The role of EMT in development has been widely accepted; however, the role of EMT in cancer progression remains a big debate because it has not been proven in vivo; the criteria for the identification of carcinoma (cancer derived from epithelial cells) and sarcoma (cancer derived from mesenchymal cells) have been pathologically well defined and are not thought to be convertible, and the mixed type of the tumor, known as sarcomatoid carcinoma, is rarely found. Here, we propose that a decrease in mtDNA by any number of mechanisms including ROS, hypoxia, and chemotherapeutic agents, induce EMT to result in a progressed phenotype.
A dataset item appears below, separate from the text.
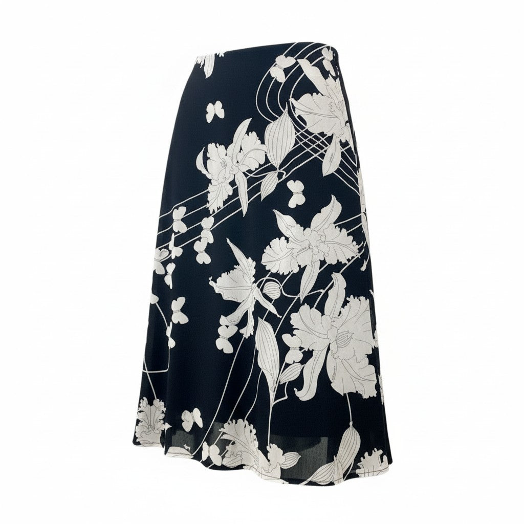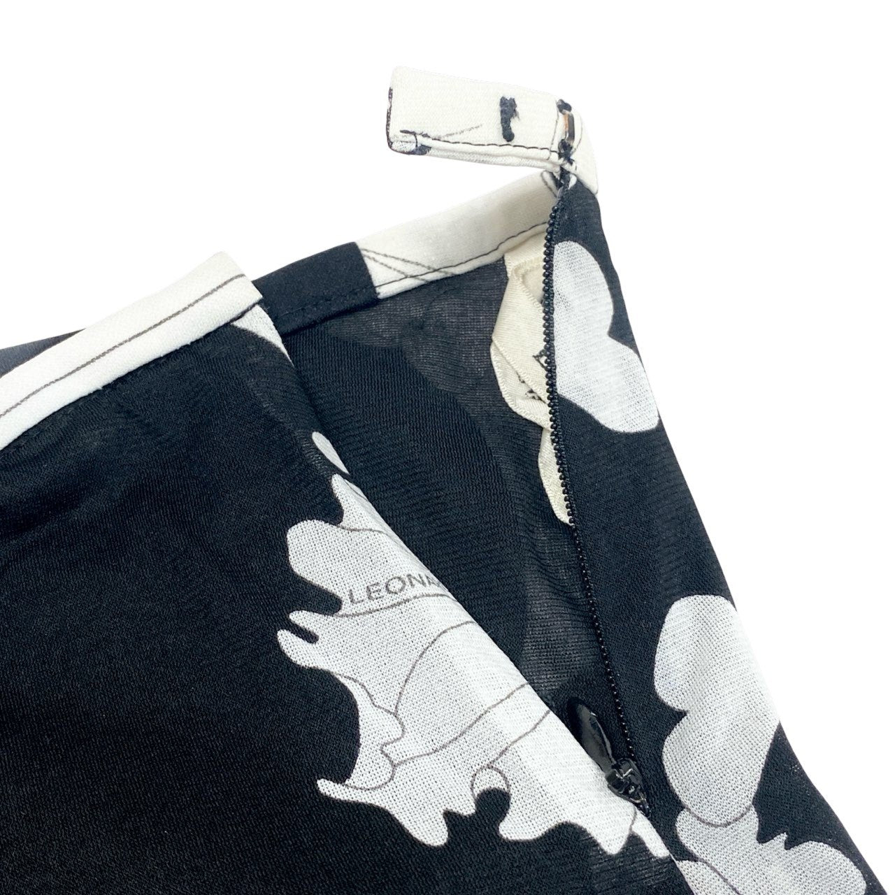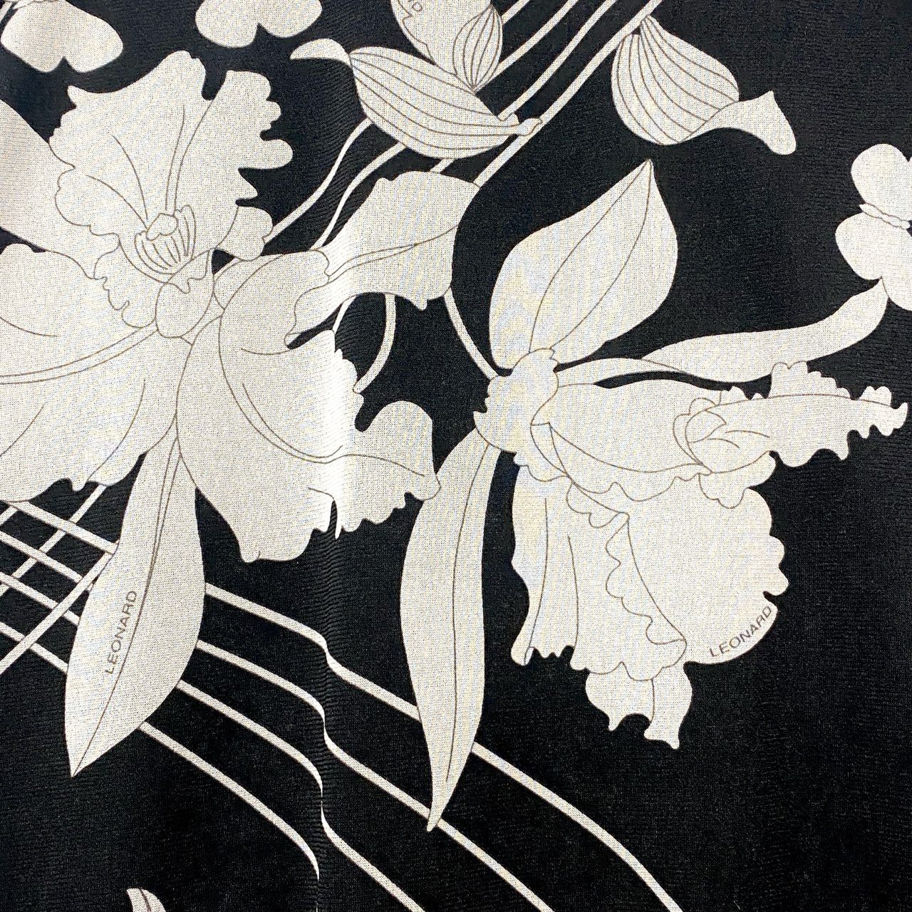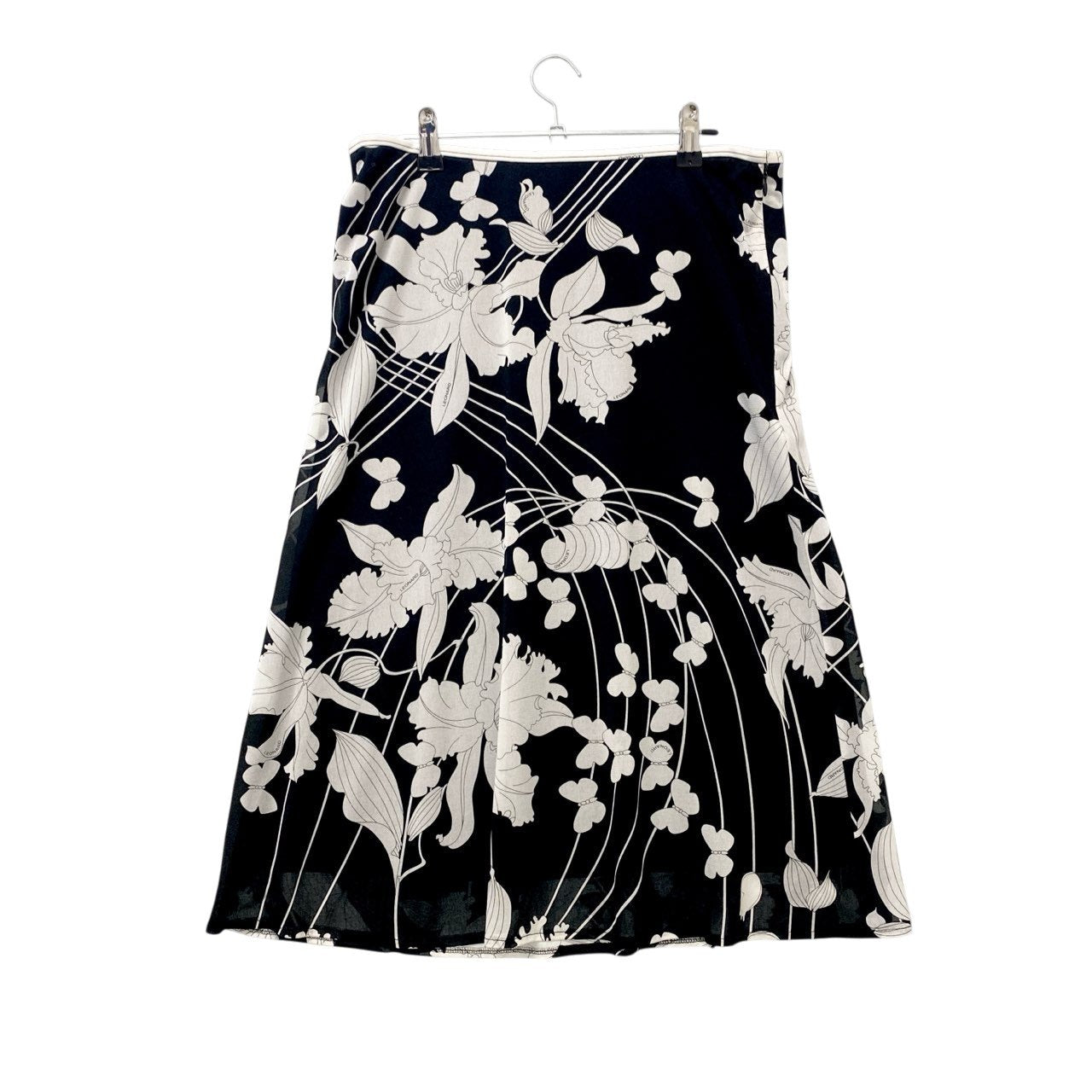 73c13 LEONARD レオナール カンカン素材 美しい花柄プリント フレアスカート 膝丈スカート 73 モノトーン レディースu02t

After escaping from a growth disadvantage due to the environmental pressure by metastasis or deregulation from hormone dependence, mtDNA copy number can then be increased.(2,31) Finally the cells may morphologically regain epithelial features (MET) at metastatic sites. That is the possible reason that we can not find EMT in vivo. Our idea will be supported by the identification of increased or reduced mtDNA content in vivo. We propose the theory that cancers achieve their growth advantage/progression via EMT/MET induced by the alteration of mtDNA amounts.